Although the meaning of the numbers and relationships within the scoring matrices seems straightforward enough, some value judgments need to be made as to what actually constitutes a conservative or non-conservative substitution and how to assess the frequency of either of those events in nature. This is the major factor that differentiates scoring matrices from one another. To help the reader make an intelligent choice, a discussion of the approach, advantages, and disadvantages of the various available matrices is in order.

PAM Matrices

The first useful matrices for protein sequence analysis were developed by Dayhoff et al. (1978). The basis for these matrices was the examination of substitution patterns in a group of proteins that shared more than 85% sequence identity. The analysis yielded 1572 changes in the 71 groups of closely related proteins that were examined. Using these results, tables were constructed that indicated the frequency of a given amino acid substituting for another amino acid at a given position.

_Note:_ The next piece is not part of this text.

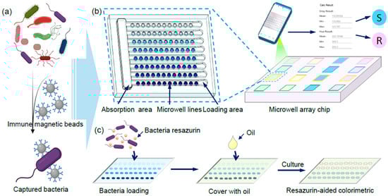 Microfluidic chips are increasingly popular AST tools that not only greatly improve the detection throughput but also sharply reduce the reagent cost of conventional AST with an adjustable volume from microliter to femtoliter [24,25,26,27]. In particular, droplet-based microfluidic AST methods can be operated with high throughput on the single-cell level [10,28,29]. Among them, a micro-well array is an excellent research tool for generating hundreds of independent wells without a precise process [30,31], allowing the tracking of bacterial growth in droplets over time in an antibiotic-amended medium [32]. However, in the application of AST, micro-well arrays are usually fabricated based on photolithography technology and accompanied by delicate instrumentation, such as a fluorescence microscope [30,33], resulting in difficulty in achieving the point-of-care in resource-limit conditions. It is ecologically attractive to develop a microarray chip using low-cost manufacturing technologies (e.g., 3D printing) compared with the photolithography technology and to integrate it with portable equipment, such as smartphone applications [34], for high-throughput testing to both meet convenience requirements and maximize its cost efficiency.

As the sequences examined shared such a high degree of similarity, the resulting frequencies represent what would be expected over short evolutionary distances. Further, given the close evolutionary relationship between these proteins, one would expect that the observed mutations would not significantly change the function of the protein. This is termed acceptance : changes that can be accommodated through natural selection and result in a protein with the same or similar function as the original. As individual point mutations were considered, the unit of measure resulting from this analysis is the point accepted mutation or PAM unit. One PAM unit corresponds to one amino acid change per 100 residues, or roughly 1% divergence.

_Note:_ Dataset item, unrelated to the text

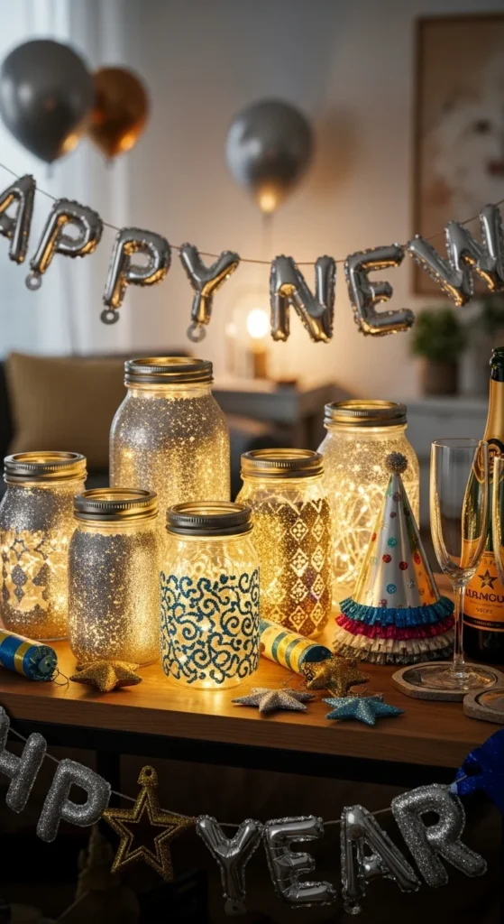 Transform old mason jars into glowing decorations. Coat the inside with glue and shake in glitter. Drop in LED candles or fairy lights. Use them as nightlights or scatter them around the room. These jars are great for balconies and outdoor parties too. Tie ribbons or metallic rope for a finished touch.

Several assumptions went into the construction of the PAM matrices. One of the most important assumptions was that the replacement of an amino acid is independent of previous mutations at the same position. Based on this assumption, the original matrix was extrapolated to come up with predicted substitution frequencies at longer evolutionary distances. For example, the PAM1 matrix could be multiplied by itself 100 times to yield the PAM100 matrix, which would represent what one would expect if there were 100 amino acid changes per 100 residues. (This does not imply that each of the 100 residues has changed, only that there were 100 total changes; some positions could conceivably change and then change back to the original residue.) As the matrices representing longer evolutionary distances are an extrapolation of the original matrix derived from the 1572 observed changes described above, it is important to remember that these matrices are, indeed, predictions and are not based on direct observation. Any errors in the original matrix would be exaggerated in the extrapolated matrices, as the mere act of multiplication would magnify these errors significantly.